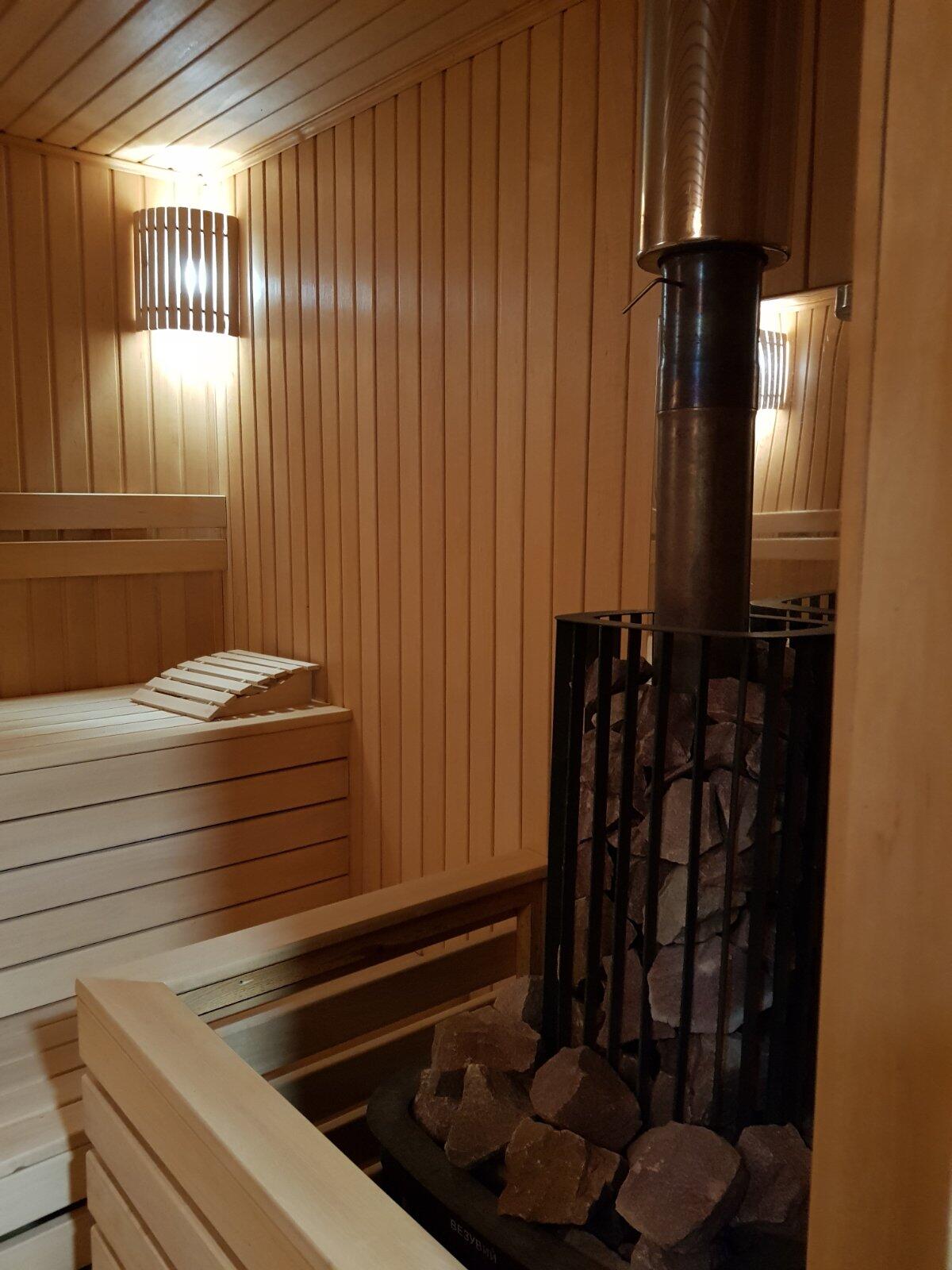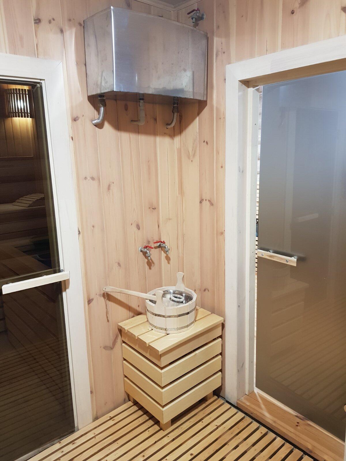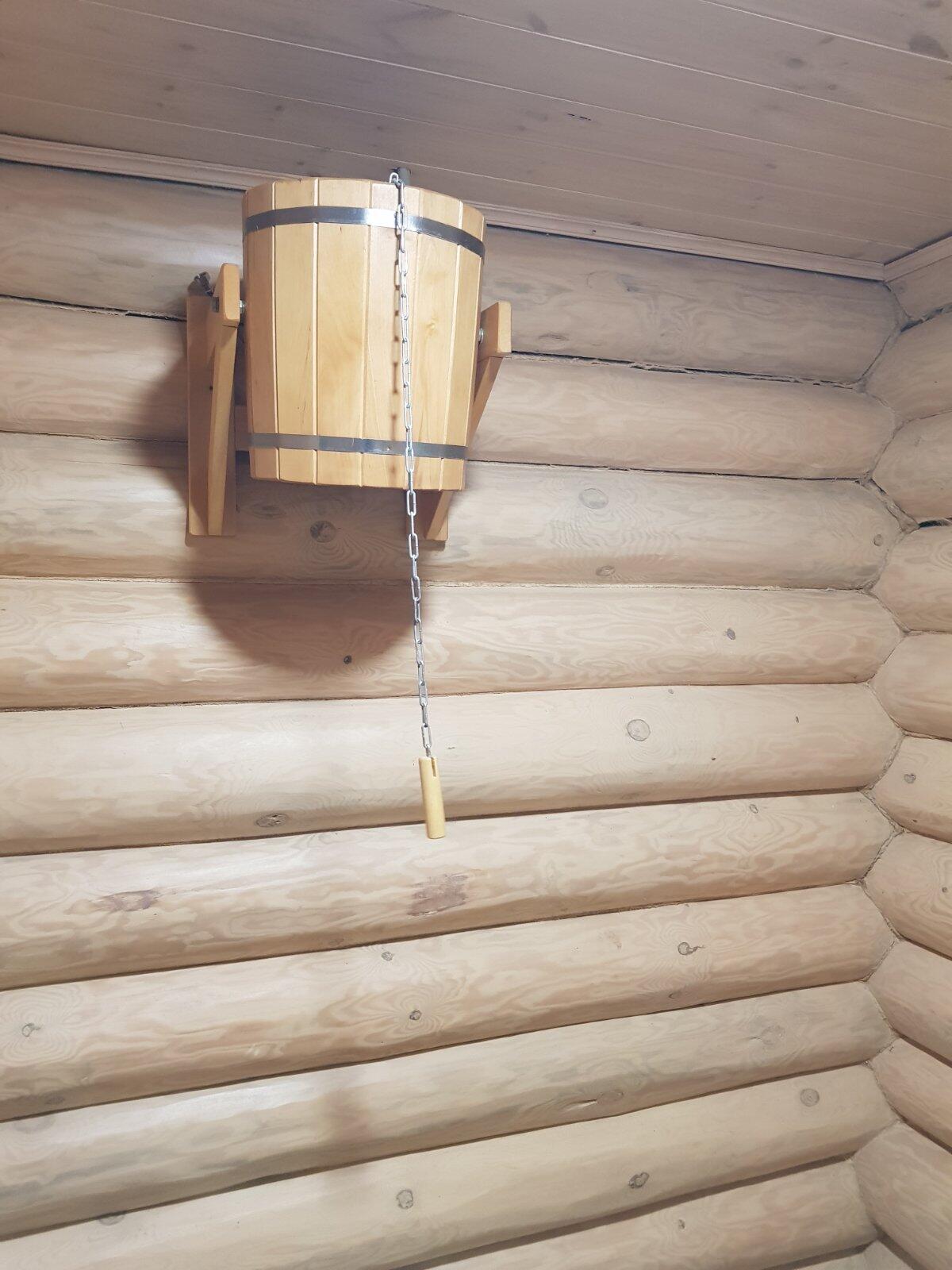 Установлено обливное ведро для бани. Есть каменка с высококачественными камнями из Карелии для жара. В комнатах стеклянные жароустойчивые двери.
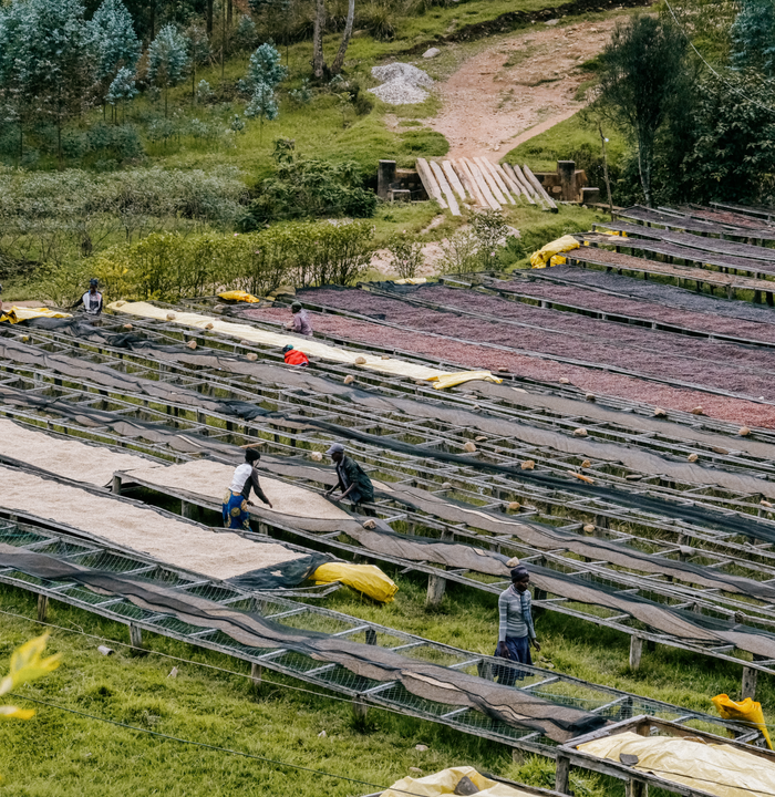 After purchasing cherries from farmers, Karambi’s team begins with flotation to remove lower-quality fruit. The remaining cherries are hand-sorted by skilled staff who inspect each batch for visual defects. Once selected and rinsed, the cherries are laid out on raised beds in thin layers to dry. They are raked frequently to ensure even drying, a process that typically takes about three weeks.
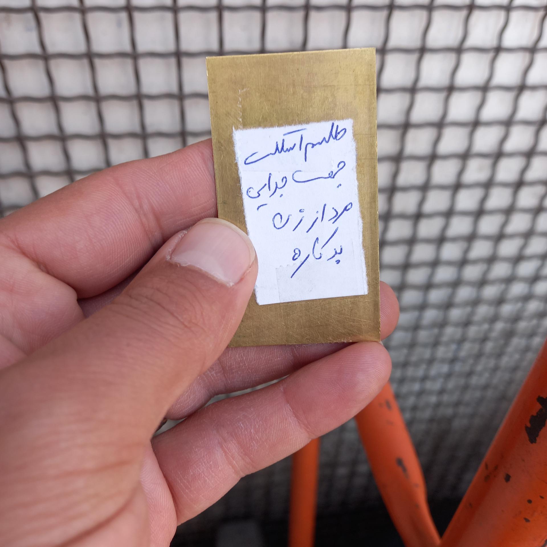 لوح برنجی با کیفیت خوب جهت جدایی مرد از زن بدکاره میباشد اندازه حدود 6سانت در4سانت
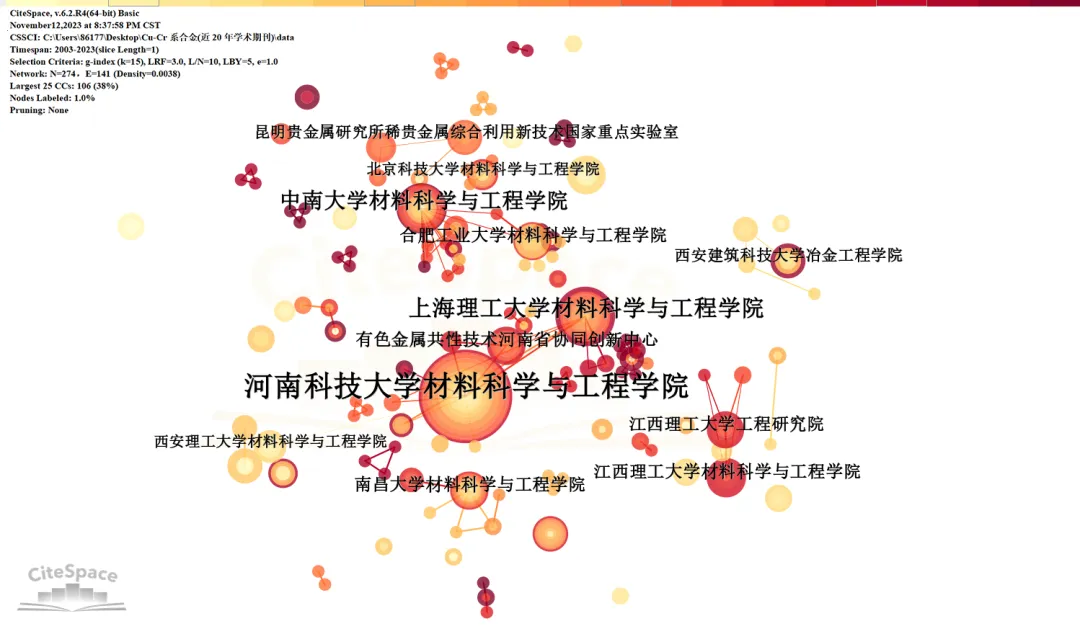 Fig.3 Knowledge graph of institutional collaboration networks in Cu-Cr alloy research
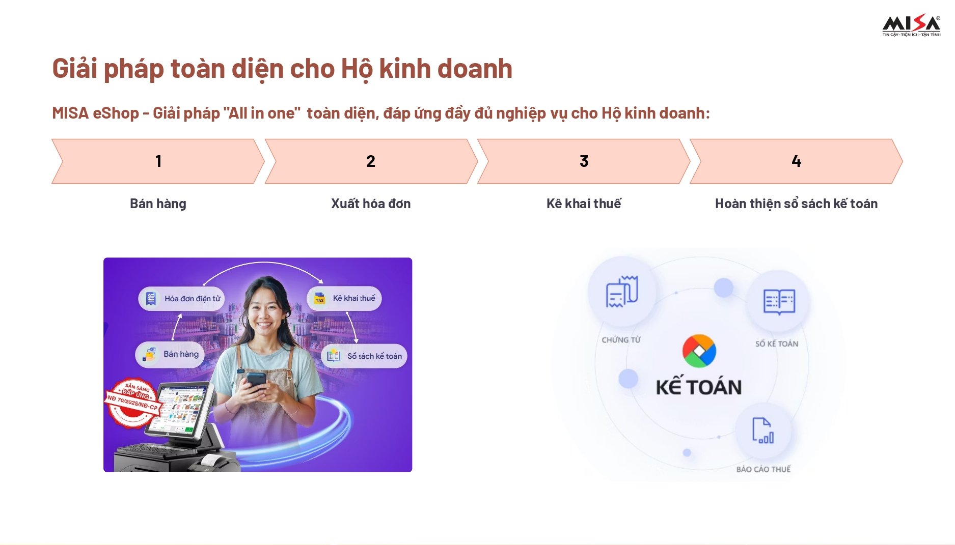 Para pequenas empresas, a MISA desenvolveu a Plataforma de Gestão de Vendas Empresariais MISA eShop para ajudar as empresas a gerenciar todas as atividades de vendas, emitir faturas, gerenciar livros contábeis, declarar impostos, etc., em um único aplicativo e com apenas um smartphone. Além disso, a solução integrada de inteligência artificial (IA) ajuda os vendedores a fazer pedidos por voz de forma rápida e fácil. O software também sintetiza dados automaticamente e envia amostras de declarações fiscais para a autoridade fiscal diretamente pelo celular.
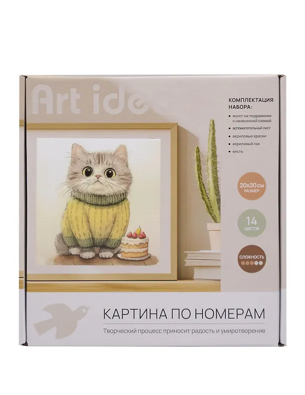 Картина по номерам Котенок с пирожным Размер: 20х20см, количество красок: 14, уровень сложности: 3, на раскрашивание потребуется: примерно 6-7 часов, натяжка холста: Стандартная. Вы хотите ощутить себя настоящим художником? Раскраски по номерам интересны как для детей, так и взрослых. Ведь многие любят рисовать, но порой не хватает способностей или навыков. Раскраски по номерам от «Art idea» различной сложности дают возможность создать шедевр собственными руками, независимо от подготовки. Все очень просто: На подрамник натянут холст, который разделен на цветовые сегменты будущей картины. Печать контуров на холсте осуществляется устойчивыми к воде экосольвентными чернилами на профессиональном
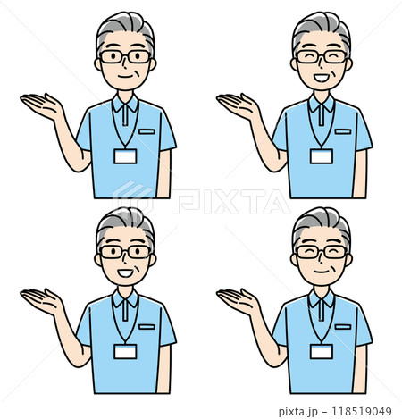 笑顔で案内するポロシャツのシニア男性(右手・カラー)
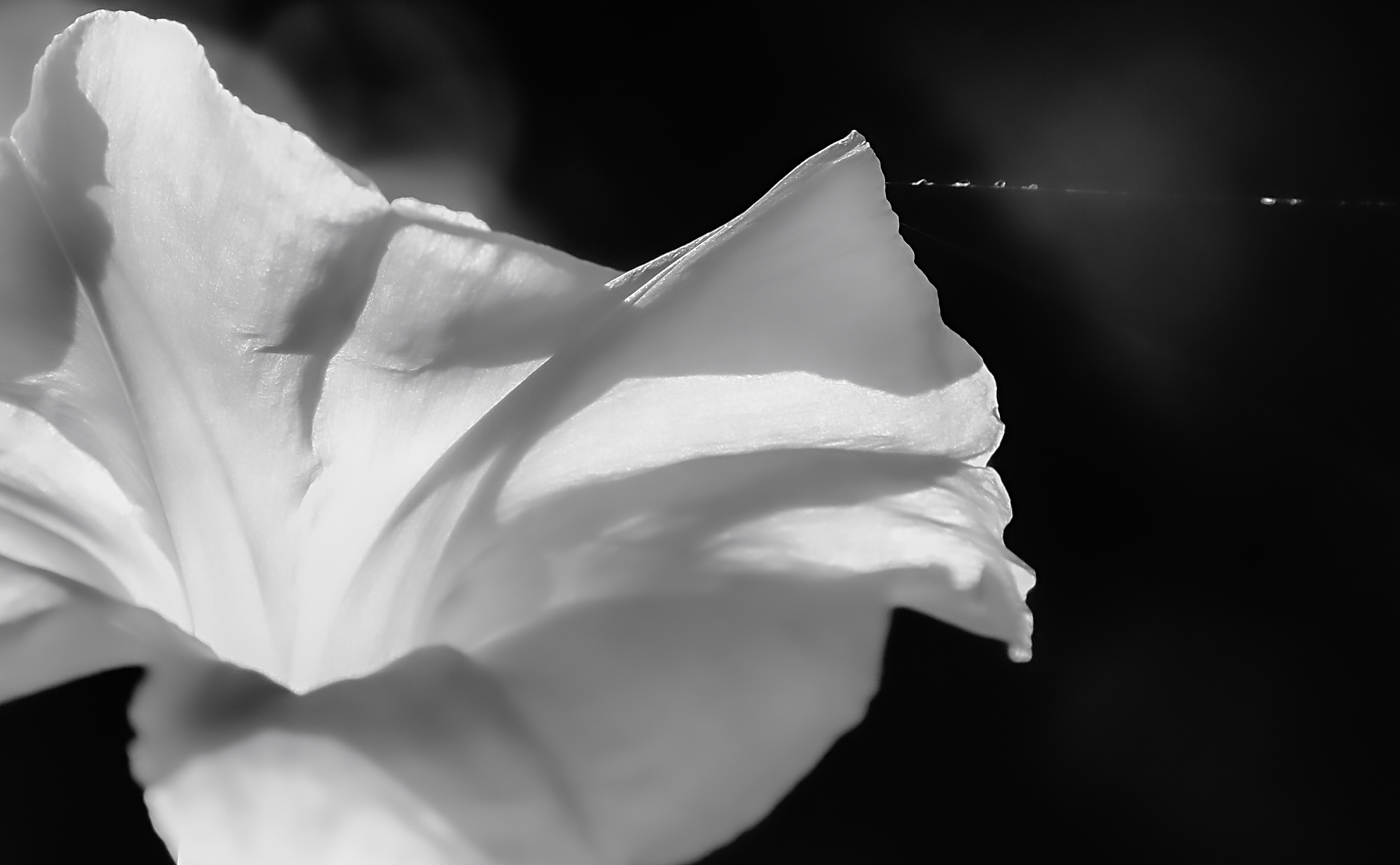 I worked on this one some time ago, trying to create an interesting black and white version. The fine line that glimmers off to the right is actually a spider web. Part of my goal was to show that off. I think it’s amazing how tiny and fragile these things are. The flower appears to be floating if you ask me. It reminds me of a clean white sheet, blowing in the wind on a clothes line. Or maybe a magic carpet.

++++++++++++++++++++

Activity
Write out exactly the opening lines of the data, stopping after the line that holds "لوح برنجی با". Exclude pictures.

Exercise answer
 Установлено обливное ведро для бани. Есть каменка с высококачественными камнями из Карелии для жара. В комнатах стеклянные жароустойчивые двери.
 After purchasing cherries from farmers, Karambi’s team begins with flotation to remove lower-quality fruit. The remaining cherries are hand-sorted by skilled staff who inspect each batch for visual defects. Once selected and rinsed, the cherries are laid out on raised beds in thin layers to dry. They are raked frequently to ensure even drying, a process that typically takes about three weeks.
 لوح برنجی با کیفیت خوب جهت جدایی مرد از زن بدکاره میباشد اندازه حدود 6سانت در4سانت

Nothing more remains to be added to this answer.